Implementation Process and Project Structure

How Jitera Was Introduced and Applied

Santo: Within the 2nd Design Department, we started using Jitera with a few key members responsible for specific functions, such as image processing, automation features, and driver control. We moved beyond the initial “let’s try AI” phase and began applying Jitera directly to real business challenges, including legacy code analysis and new feature implementation, while validating its effectiveness in our workflows.

Support and Adoption

Onozawa: Jitera’s support went beyond simple operation guidance. We were able to discuss practical, hands-on usage that aligned with our daily tasks, which clarified how to integrate it into our workflow. Additionally, Jitera’s fast feature updates were helpful — monthly meetings allowed us to stay up to date with the latest capabilities.

Santo: Beyond group meetings, the one-on-one support sessions were particularly valuable. Each engineer faced unique technical challenges, and having dedicated time for individualized consultation helped ensure smooth adoption and effective integration into daily operations.

Impact After Introducing Jitera

Efficiency in Code Analysis and Documentation

Yamashita: I handle feature additions to existing code, and Jitera has dramatically reduced the effort needed for understanding specifications and creating documentation. By analyzing existing functions and generating flowcharts or explanations, Jitera allows us to cut code analysis time by up to 50%, letting engineers spend more time designing rather than just reading code.

Performance Optimization

Jitera has also delivered results in optimizing image processing functions. For complex operations like vector calculations, we instructed it to speed up the processing without changing input or output. The AI-generated code leveraged multi-threading and other optimizations, boosting processing speed to roughly 20x faster than the original. This performance surpasses what manual tuning could achieve.

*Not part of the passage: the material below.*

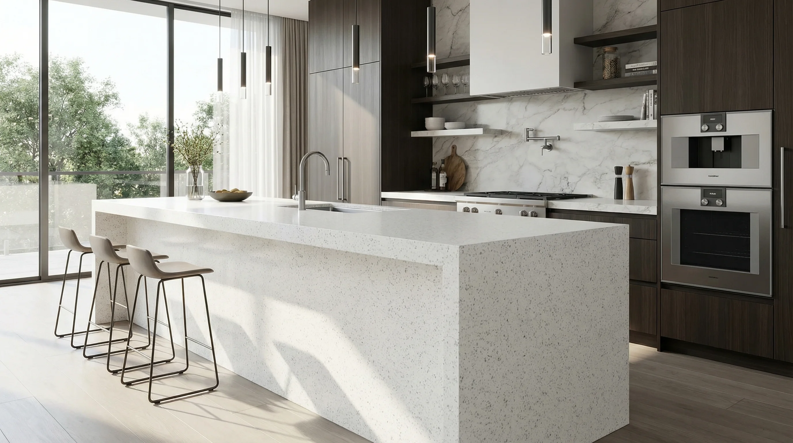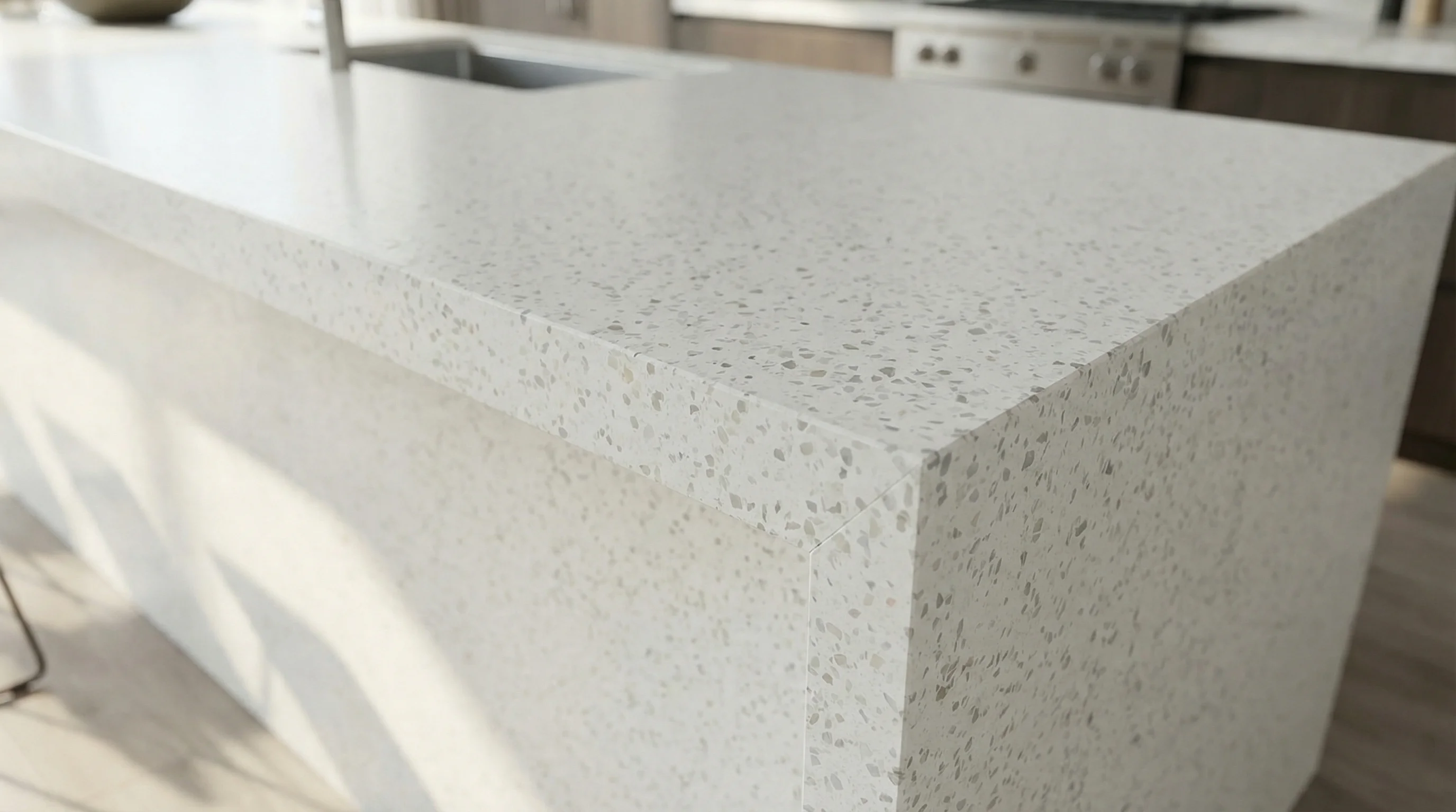 Помимо визуального совершенства, поверхность отличается исключительной износостойкостью и долговечностью. Плотная, непористая структура материала гарантирует идеальную гигиеничность и легкость в уходе, сохраняя первоначальный лоск на протяжении десятилетий. Это монументальное решение, в котором природная сдержанность встречается с безупречным качеством исполнения, обеспечивая надежность в ежедневной эксплуатации.

Accelerated Customer Tool Development

Onozawa: Creating customer-facing tools used to take a full day, but with Jitera, even including trial and error, it now takes just one hour. Jitera generates not only code but also manuals in one go, allowing us to respond to customers faster and more efficiently.

Solving Long-Standing Challenges

Anazawa: Jitera helped resolve previously “unsolvable” issues. For an external vendor driver that had become a black box, it was able to identify where administrator privileges were requested, enabling precise fixes from the vendor and resolving long-standing operational problems.

Continuous Learning and Trend Awareness

Santo: Another major benefit is that Jitera allows us to keep up with the latest AI trends and learn from other companies’ use cases through support meetings. Tracking this information on our own would be difficult, but Jitera effectively “runs alongside us,” helping us continuously innovate while developing.

Future Use of Jitera

Cross-Project Knowledge Sharing

Santo: Currently, each engineer uses Jitera for their individual tasks, but we aim to create a framework to share knowledge across projects, ensuring insights and best practices are accessible company-wide.

Integration with Internal Systems

Onozawa: We’re particularly excited about the beta MCP (Model Context Protocol) server integration. Connecting Jitera directly with Office products like Excel and Word will further streamline document creation, and we plan to leverage this capability extensively.

Accelerating Development and Embracing AI

Santo: With the rapid AI shift in the industry, adopting new technologies is essential. Jitera has already boosted our development speed, and we intend to continue using it boldly to enhance product quality and innovation.